Top of GIVEN RECORDS

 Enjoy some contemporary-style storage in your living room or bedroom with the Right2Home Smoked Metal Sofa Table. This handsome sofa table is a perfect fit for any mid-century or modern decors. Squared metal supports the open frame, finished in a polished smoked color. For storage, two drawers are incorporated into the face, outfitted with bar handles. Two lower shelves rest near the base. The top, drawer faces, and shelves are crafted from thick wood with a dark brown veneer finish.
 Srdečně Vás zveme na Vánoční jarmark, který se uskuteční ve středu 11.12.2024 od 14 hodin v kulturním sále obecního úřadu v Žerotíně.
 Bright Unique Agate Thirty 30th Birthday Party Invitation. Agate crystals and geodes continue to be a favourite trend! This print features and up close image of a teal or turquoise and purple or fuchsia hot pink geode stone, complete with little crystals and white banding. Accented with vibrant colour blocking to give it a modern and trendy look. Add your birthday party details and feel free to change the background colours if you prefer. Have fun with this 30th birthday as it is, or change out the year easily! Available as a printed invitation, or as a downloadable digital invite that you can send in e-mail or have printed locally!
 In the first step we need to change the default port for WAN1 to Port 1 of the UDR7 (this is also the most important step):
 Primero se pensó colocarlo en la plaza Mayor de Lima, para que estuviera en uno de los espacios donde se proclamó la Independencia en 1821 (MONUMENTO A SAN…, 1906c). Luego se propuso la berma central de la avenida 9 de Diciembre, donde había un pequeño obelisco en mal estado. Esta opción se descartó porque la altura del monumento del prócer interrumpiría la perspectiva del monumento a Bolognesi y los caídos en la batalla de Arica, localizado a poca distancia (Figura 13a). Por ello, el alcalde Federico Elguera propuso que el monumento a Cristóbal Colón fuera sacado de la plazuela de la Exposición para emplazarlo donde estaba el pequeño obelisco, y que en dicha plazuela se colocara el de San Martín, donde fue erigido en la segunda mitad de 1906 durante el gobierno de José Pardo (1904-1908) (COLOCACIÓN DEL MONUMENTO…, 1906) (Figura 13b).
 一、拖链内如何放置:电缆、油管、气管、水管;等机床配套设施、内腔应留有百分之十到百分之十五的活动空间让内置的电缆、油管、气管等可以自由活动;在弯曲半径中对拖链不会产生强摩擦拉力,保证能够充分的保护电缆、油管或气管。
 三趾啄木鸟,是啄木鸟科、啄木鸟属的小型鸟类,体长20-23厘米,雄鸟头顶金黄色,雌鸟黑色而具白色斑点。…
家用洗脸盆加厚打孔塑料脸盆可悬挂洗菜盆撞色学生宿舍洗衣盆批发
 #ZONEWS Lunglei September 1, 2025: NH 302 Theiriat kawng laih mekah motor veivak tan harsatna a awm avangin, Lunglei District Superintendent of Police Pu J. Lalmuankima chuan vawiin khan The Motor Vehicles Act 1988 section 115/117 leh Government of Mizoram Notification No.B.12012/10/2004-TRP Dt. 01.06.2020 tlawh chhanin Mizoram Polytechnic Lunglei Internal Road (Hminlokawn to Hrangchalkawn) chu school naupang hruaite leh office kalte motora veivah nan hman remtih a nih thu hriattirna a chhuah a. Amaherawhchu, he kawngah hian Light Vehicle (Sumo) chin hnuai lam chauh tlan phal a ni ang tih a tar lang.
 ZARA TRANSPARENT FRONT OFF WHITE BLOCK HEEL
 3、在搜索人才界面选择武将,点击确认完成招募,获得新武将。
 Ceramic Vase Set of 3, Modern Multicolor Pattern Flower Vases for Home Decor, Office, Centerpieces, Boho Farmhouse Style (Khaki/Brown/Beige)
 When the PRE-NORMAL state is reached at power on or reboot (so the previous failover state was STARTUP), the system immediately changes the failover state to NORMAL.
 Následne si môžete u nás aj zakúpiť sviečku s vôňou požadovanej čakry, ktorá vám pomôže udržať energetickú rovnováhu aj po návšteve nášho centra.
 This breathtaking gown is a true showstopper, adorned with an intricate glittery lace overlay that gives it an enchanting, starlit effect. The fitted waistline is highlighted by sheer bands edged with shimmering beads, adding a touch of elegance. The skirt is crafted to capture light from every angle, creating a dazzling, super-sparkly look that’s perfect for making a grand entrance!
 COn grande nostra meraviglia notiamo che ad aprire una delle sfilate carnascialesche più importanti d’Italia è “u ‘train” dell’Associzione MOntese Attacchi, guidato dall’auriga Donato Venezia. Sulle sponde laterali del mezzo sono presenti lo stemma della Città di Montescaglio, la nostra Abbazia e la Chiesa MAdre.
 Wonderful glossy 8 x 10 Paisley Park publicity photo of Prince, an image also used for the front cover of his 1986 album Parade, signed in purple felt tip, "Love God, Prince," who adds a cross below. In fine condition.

Bottom of GIVEN RECORDS

**TASK:** Word for word, give back all the lines above.

**EXERCISE SOLUTION:**
 Enjoy some contemporary-style storage in your living room or bedroom with the Right2Home Smoked Metal Sofa Table. This handsome sofa table is a perfect fit for any mid-century or modern decors. Squared metal supports the open frame, finished in a polished smoked color. For storage, two drawers are incorporated into the face, outfitted with bar handles. Two lower shelves rest near the base. The top, drawer faces, and shelves are crafted from thick wood with a dark brown veneer finish.
 Srdečně Vás zveme na Vánoční jarmark, který se uskuteční ve středu 11.12.2024 od 14 hodin v kulturním sále obecního úřadu v Žerotíně.
 Bright Unique Agate Thirty 30th Birthday Party Invitation. Agate crystals and geodes continue to be a favourite trend! This print features and up close image of a teal or turquoise and purple or fuchsia hot pink geode stone, complete with little crystals and white banding. Accented with vibrant colour blocking to give it a modern and trendy look. Add your birthday party details and feel free to change the background colours if you prefer. Have fun with this 30th birthday as it is, or change out the year easily! Available as a printed invitation, or as a downloadable digital invite that you can send in e-mail or have printed locally!
 In the first step we need to change the default port for WAN1 to Port 1 of the UDR7 (this is also the most important step):
 Primero se pensó colocarlo en la plaza Mayor de Lima, para que estuviera en uno de los espacios donde se proclamó la Independencia en 1821 (MONUMENTO A SAN…, 1906c). Luego se propuso la berma central de la avenida 9 de Diciembre, donde había un pequeño obelisco en mal estado. Esta opción se descartó porque la altura del monumento del prócer interrumpiría la perspectiva del monumento a Bolognesi y los caídos en la batalla de Arica, localizado a poca distancia (Figura 13a). Por ello, el alcalde Federico Elguera propuso que el monumento a Cristóbal Colón fuera sacado de la plazuela de la Exposición para emplazarlo donde estaba el pequeño obelisco, y que en dicha plazuela se colocara el de San Martín, donde fue erigido en la segunda mitad de 1906 durante el gobierno de José Pardo (1904-1908) (COLOCACIÓN DEL MONUMENTO…, 1906) (Figura 13b).
 一、拖链内如何放置:电缆、油管、气管、水管;等机床配套设施、内腔应留有百分之十到百分之十五的活动空间让内置的电缆、油管、气管等可以自由活动;在弯曲半径中对拖链不会产生强摩擦拉力,保证能够充分的保护电缆、油管或气管。
 三趾啄木鸟,是啄木鸟科、啄木鸟属的小型鸟类,体长20-23厘米,雄鸟头顶金黄色,雌鸟黑色而具白色斑点。…
家用洗脸盆加厚打孔塑料脸盆可悬挂洗菜盆撞色学生宿舍洗衣盆批发
 #ZONEWS Lunglei September 1, 2025: NH 302 Theiriat kawng laih mekah motor veivak tan harsatna a awm avangin, Lunglei District Superintendent of Police Pu J. Lalmuankima chuan vawiin khan The Motor Vehicles Act 1988 section 115/117 leh Government of Mizoram Notification No.B.12012/10/2004-TRP Dt. 01.06.2020 tlawh chhanin Mizoram Polytechnic Lunglei Internal Road (Hminlokawn to Hrangchalkawn) chu school naupang hruaite leh office kalte motora veivah nan hman remtih a nih thu hriattirna a chhuah a. Amaherawhchu, he kawngah hian Light Vehicle (Sumo) chin hnuai lam chauh tlan phal a ni ang tih a tar lang.
 ZARA TRANSPARENT FRONT OFF WHITE BLOCK HEEL
 3、在搜索人才界面选择武将,点击确认完成招募,获得新武将。
 Ceramic Vase Set of 3, Modern Multicolor Pattern Flower Vases for Home Decor, Office, Centerpieces, Boho Farmhouse Style (Khaki/Brown/Beige)
 When the PRE-NORMAL state is reached at power on or reboot (so the previous failover state was STARTUP), the system immediately changes the failover state to NORMAL.
 Následne si môžete u nás aj zakúpiť sviečku s vôňou požadovanej čakry, ktorá vám pomôže udržať energetickú rovnováhu aj po návšteve nášho centra.
 This breathtaking gown is a true showstopper, adorned with an intricate glittery lace overlay that gives it an enchanting, starlit effect. The fitted waistline is highlighted by sheer bands edged with shimmering beads, adding a touch of elegance. The skirt is crafted to capture light from every angle, creating a dazzling, super-sparkly look that’s perfect for making a grand entrance!
 COn grande nostra meraviglia notiamo che ad aprire una delle sfilate carnascialesche più importanti d’Italia è “u ‘train” dell’Associzione MOntese Attacchi, guidato dall’auriga Donato Venezia. Sulle sponde laterali del mezzo sono presenti lo stemma della Città di Montescaglio, la nostra Abbazia e la Chiesa MAdre.
 Wonderful glossy 8 x 10 Paisley Park publicity photo of Prince, an image also used for the front cover of his 1986 album Parade, signed in purple felt tip, "Love God, Prince," who adds a cross below. In fine condition.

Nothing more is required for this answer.